STUDY ON DETECTION METHODS FOR NOREPINEPHRINE IN BIOLOGICAL SAMPLES
HTML Full TextSTUDY ON DETECTION METHODS FOR NOREPINEPHRINE IN BIOLOGICAL SAMPLES
Pei Zheng and Rong Xue *
Department of Neurology, Tianjin Medical University General Hospital, 154 Anshan Road, Heping District, Tianjin - 300052, PR China.
ABSTRACT: Norepinephrine (NE) is an important catecholamine neurotransmitter that acts as a biochemical messenger in central nervous systems and neuronal cells of mammals, which is secreted and released by the adrenal medulla and the noradrenergic neurons during the synaptic transmission. It is often used for treating bronchial asthma, myocardial infarction hypertension and organic heart disease. Abnormal release of NE will contribute to the occurrence of many nerve related diseases, such as paraganglioma, ganglia neuroblastoma, ganglion neuronal, and Parkinson’s disease. In addition, increased NE concentration in plasma is associated with coronary heart disease and with muscle sympathetic nerve traffic in human obesity. Furthermore, NE is involved in the occurrence and development of cardiac hypertrophy through the activation of myocardial adrenergic receptors on cell membranes in myocardial tissue. Therefore, the rapid, sensitive, and selective detection of NE level is significant for monitoring physiological function and diagnosing diseases. In this article the studies of detection methods for NE in recent years are reviewed
Keywords: |
Norepinephrine, Catecholamine, Neurotransmitter, NE, Determination
INTRODUCTION: Norepinephrine (NE) is a catecholamine (CA), which acts as hormone and neurotransmitter. The human adrenal medulla releases about 20% NE, while the adrenergic neurons are responsible for the major NE production 1, 2. As a stress hormone, NE affects parts of the brain, in which attention and responding actions are controlled. Together with epinephrine (E), NE also underlies the fight-or-flight response, directly increasing heart rate, triggering the release of glucose from energy stores, and increasing blood flow to skeletal muscle. NE can also suppress neuroinflammation when it is released diffusely in the brain from the locus ceruleus.
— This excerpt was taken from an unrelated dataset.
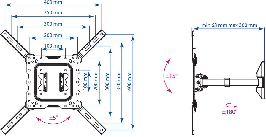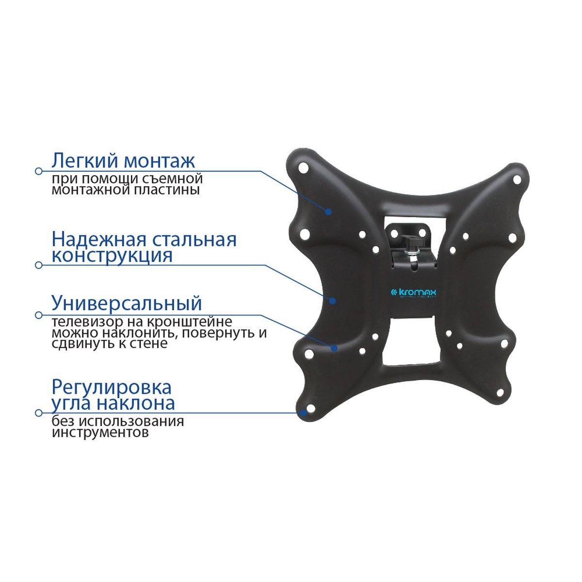Кронштейн наклонно-поворотный Kromax CASPER-104 10-26' до 15кг Vesa до 100x100 черный

When NE acts as a drug it increases blood pressure by the increasing of vascular tone through α-adrenergic receptor activation 3, 4. The quantification of NE concentration in biological system provides important information about its physiological adverse effects such as anxiety, diabetes, pain, heart disease and other neurological disorders like Parkinson and Alzheimer diseases 5, 6. Therefore, the highly selective detection of NE is of great importance in pharmaceutical analysis and clinical diagnosis. In this paper, the attributes of different analytical technique for the determination of NE in recent years are reviewed.
- Analytical Methods:
2.1. Fluorescence method: In recent years, fluorescence measurements have received more attention owing to their operational simplicity, high sensitivity, good reproducibility and real-time detection. A series of fluorescence probes have been designed for the detection of biomolecules and metal ions. For example, gold nanoclusters (AuNCs), which exhibit molecule-like properties including discrete electronic states and size-dependent luminescence have received great attention. Fluorescent silicon nanoparticles (SiNPs), which have a zero-dimensional silicon-based nanostructure, have been widely used in biology, owing to their good biocompatibility, low cytotoxicity, and antiphotobleaching capability. Colloidal quantum dots (QDs) which exhibit broad absorption profiles and narrow emission with high quantum yields and allow the chemical modification of functional groups on their surfaces make QDs naturally suitable for serving as fluorescent platforms for sensing and imaging in biology 7-9.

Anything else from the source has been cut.